Visual speech synthesis systems fall into one of two categories; graphics-based systems or image-based systems.
Graphics-based systems represent points on the surface of the face as vertices in a 3-D space and approximate the surface itself by connecting the vertices. Animation is usually achieved by applying a set of rules to deform the mesh in some controlled manner. Image-based systems generally adopt a sample-based synthesis approach, where real facial images corresponding to synthesis units are extracted from a database and are concatenated to produce new sequences.
In terms of photorealism, image-based systems are more realistic than model-based systems. Providing the correct images are extracted from the database and the blending between the extracted images results in natural looking facial movements, videorealism can also be achieved. The photorealism of graphics-based systems can be improved by texture mapping a facial image onto the model surface, however even models with very complex animation rules still do not convince a viewer that they are looking at a real person.

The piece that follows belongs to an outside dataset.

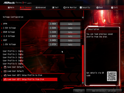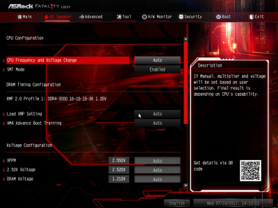 Я уже огласил лейтмотив этого сравнительного тестирования. Хочется не только познакомиться с новым железом, но и определить его оверклокерские возможности. Да, на «бумаге» платы на чипсете B350 способны разогнать центральный процессор и оперативную память, но как будет на практике? Вот ASRock Fatal1ty AB350 Gaming K4 в сравнении с X370 Taichi получила более урезанную версию BIOS. Например, пользователь может изменить всего семь типов напряжения. К счастью, основные параметры процессора и ОЗУ поддаются настройке.

Recently, near videorealistic systems have been proposed that extract models of the face from video sequences using computer vision techniques, and these models applied to the problem of synthesising visual speech. In this work models of the shape and appearance variation of the face are used.
Shape and appearance models are an example of a generative model. That is, a model capable of reproducing examples of the object from which it is derived. The models are used in the flexible appearance model search algorithm to track the face of a talker. For each frame in a video sequence, a set of model parameters is output from the tracker, which gives the synthetic equivalent of the actual face in the corresponding video frame.